Showing posts with label Elizabeth Bishop. Show all posts
Showing posts with label Elizabeth Bishop. Show all posts

Sunday, February 24, 2008

Song

Elizabeth Bishop (1937)

Summer is over upon the sea.
The pleasure yacht, the social being,
That danced on the endless polished floor,
Stepped and side-stepped like Fred Astaire,
Is gone, is gone, docked somewhere ashore.

The friends have left, the sea is bare
That was strewn with floating, fresh green weeds.
Only the rusty-sided freighter
Goes past the moon's marketless craters
And the stars are the only ships of pleasure.

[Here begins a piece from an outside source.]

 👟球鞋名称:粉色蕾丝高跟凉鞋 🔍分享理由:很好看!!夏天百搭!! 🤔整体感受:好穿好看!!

Saturday, October 27, 2007

The Imaginary Iceberg

Elizabeth Bishop (b. 1911)

We'd rather have the iceberg than the ship
Although it meant the end of travel.
Although it stood stock still like cloudy rock
And all the sea were moving marble.

We'd rather have the iceberg than the ship;
We'd rather own this breathing plain of snow
Though the ship's sail were laid upon the sea
As the snow lies undissolved upon the water.
O solemn, floating field,
Are you aware an iceberg takes repose
With you, and when it wakes may pasture on your snows?

This is a scene a sailor'd give his eyes for.
The ship's ignored. The iceberg rises
And sinks again; its glassy pinnacles
Correct elliptics in the sky.
This is a scene where he who treads the boards
Is artlessly rhetorical. The curtain
Is light enough to rise on finest ropes
That airy twists of snow provide.
The wits of these white peaks
Spar with the sun. Its weight the iceberg dares
Upon a shifting stage and stands and stares.

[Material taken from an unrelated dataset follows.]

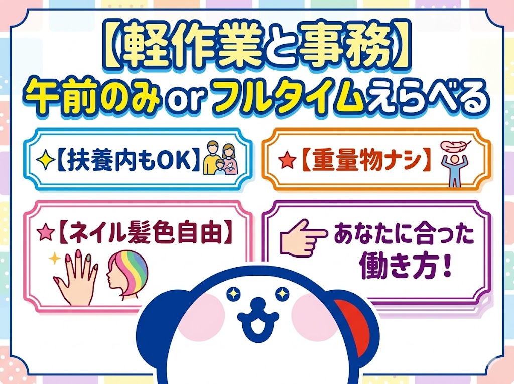 【AMのみorフルタイム】選べる働き方♪コツコツ軽作業&事務スタッフ募集★〈未経験者歓迎〉

This iceberg cuts its facets from within.
Like jewelry from a grave
It saves itself perpetually and adorns
Only itself, perhaps the snows
Which so surprise us lying on the sea.
Goodbye, we say, goodbye, the ship steers off
Where waves give in to one another's waves
And clouds run in a warmer sky.
Icebergs behoove the soul
(Both being self-made from elements least visible)
To see them so: fleshed, fair, erected indivisible.

Wednesday, August 22, 2007

Breakfast Song

Elizabeth Bishop (1973)

My love, my saving grace,
your eyes are awfully blue.
I kiss your funny face,
your coffee-flavored mouth.
Last night I slept with you.
Today I love you so
how can I bear to go
(as soon I must, I know)
to bed with ugly death
in that cold, filthy place,
to sleep there without you,
without the easy breath
and nightlong, limblong warmth
I've grown accustomed to?
—Nobody wants to die;
tell me it is a lie!
But no, I know it's true.
It's just the common case;
There's nothing one can do,
My love, my saving grace.
Your eyes are awfully blue
early and instant blue.

Saturday, August 11, 2007

After the Rain

Elizabeth Bishop (Key West, 1942)

After the rain the puddles are blue.
As St. Theresa said of Grace:
"There are little pools for children,
there are pools for all,
some large, some small."

The school-house in its gritty playground,
built of cement-blocks, stained with rain,
is turreted, and crenallated,
a two-dimensional
cardboard castle

where little captives, like fair ladies
mirror-charmed, gaze into blackboards.

Friday, July 6, 2007

It Is Marvelous . . .

Elizabeth Bishop (1989)

It is marvelous to wake up together
At the same minute; marvelous to hear
The rain begin suddenly all over the roof,
To feel the air clear
As if electricity had passed through it
From a black mesh of wires in the sky.
All over the roof the rain hisses,
And below, the light of falling kisses.

An electrical storm is coming or moving away;
It is the prickling air that wakes up.
If lightning struck the house now, it would run
From the four blue china balls on top
Down the roof and down the rods all around us,
And we imagine dreamily
How the whole house caught in a bird-cage of lightning
Would be quite delightful rather than frightening;

And from the same simplified point of view
Of night and lying flat on one's back
All things might change equally easily,
Since always to warn us there must be these black
Electrical wires dangling. Without surprise
The world might change to something quite different,
As the air changes or the lightning comes without our blinking,
Change as our kisses are changing without our thinking.

Saturday, May 5, 2007

One Art

Elizabeth Bishop (1976)

The art of losing isn't hard to master;
so many things seem filled with the intent
to be lost that their loss is no disaster.

Lose something every day. Accept the fluster
of lost door keys, the hour badly spent.
The art of losing isn't hard to master.

Then practice losing farther, losing faster:
places, and names, and where it was you meant
to travel. None of these will bring disaster.

I lost my mother's watch. And look! my last, or
next-to-last, of three loved houses went.
The art of losing isn't hard to master.

I lost two cities, lovely ones. And, vaster,
some realms I owned, two rivers, a continent.
I miss them, but it wasn't a disaster.

—Even losing you (the joking voice, a gesture
I love) I shan't have lied. It's evident
the art of losing's not hard to master
though it may look like (Write it!) like disaster.